WORK REQUEST:
Could you repeat the entries below exactly, but only from the line with "Kit 2 Travesseiros" through the line with "Г. 15 1902, №", and without any picture?

MATERIAL PROVIDED:
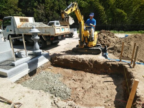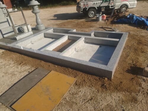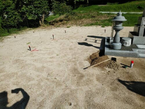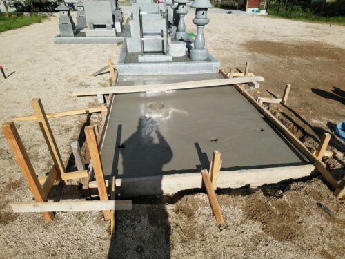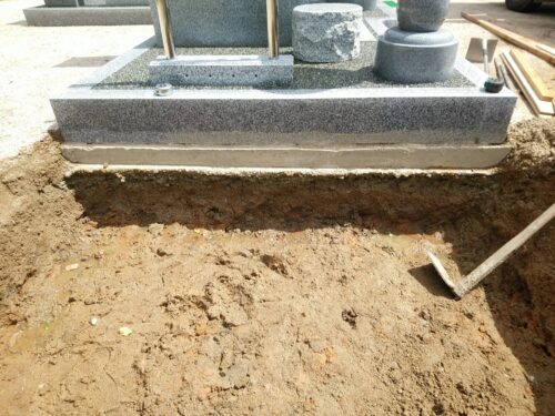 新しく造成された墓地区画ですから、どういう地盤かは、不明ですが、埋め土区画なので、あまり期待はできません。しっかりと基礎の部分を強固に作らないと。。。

* * *

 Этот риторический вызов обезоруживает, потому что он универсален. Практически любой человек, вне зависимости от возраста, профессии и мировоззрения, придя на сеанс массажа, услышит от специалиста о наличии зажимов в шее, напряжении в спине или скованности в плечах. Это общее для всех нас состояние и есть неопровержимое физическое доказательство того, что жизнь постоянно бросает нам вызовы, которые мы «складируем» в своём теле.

--

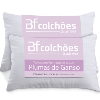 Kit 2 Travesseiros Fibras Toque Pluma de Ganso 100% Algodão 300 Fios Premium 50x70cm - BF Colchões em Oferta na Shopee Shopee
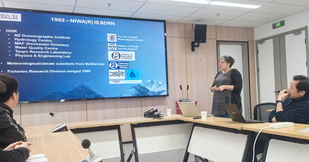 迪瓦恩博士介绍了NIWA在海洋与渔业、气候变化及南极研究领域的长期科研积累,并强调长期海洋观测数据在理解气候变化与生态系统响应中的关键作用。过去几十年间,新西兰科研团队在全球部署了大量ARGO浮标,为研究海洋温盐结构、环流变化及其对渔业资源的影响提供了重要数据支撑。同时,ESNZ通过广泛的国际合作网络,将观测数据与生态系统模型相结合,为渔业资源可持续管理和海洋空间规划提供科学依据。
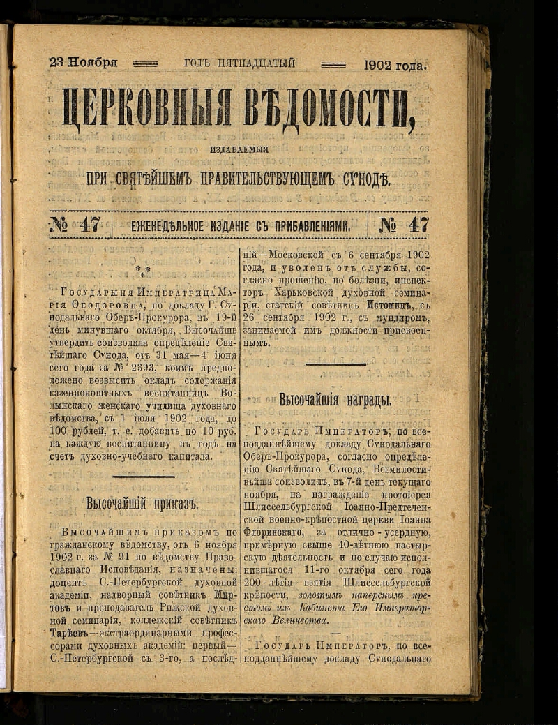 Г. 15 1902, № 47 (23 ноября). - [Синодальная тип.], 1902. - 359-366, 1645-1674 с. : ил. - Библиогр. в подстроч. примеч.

RESULT:
 Kit 2 Travesseiros Fibras Toque Pluma de Ganso 100% Algodão 300 Fios Premium 50x70cm - BF Colchões em Oferta na Shopee Shopee
 迪瓦恩博士介绍了NIWA在海洋与渔业、气候变化及南极研究领域的长期科研积累,并强调长期海洋观测数据在理解气候变化与生态系统响应中的关键作用。过去几十年间,新西兰科研团队在全球部署了大量ARGO浮标,为研究海洋温盐结构、环流变化及其对渔业资源的影响提供了重要数据支撑。同时,ESNZ通过广泛的国际合作网络,将观测数据与生态系统模型相结合,为渔业资源可持续管理和海洋空间规划提供科学依据。
 Г. 15 1902, № 47 (23 ноября). - [Синодальная тип.], 1902. - 359-366, 1645-1674 с. : ил. - Библиогр. в подстроч. примеч.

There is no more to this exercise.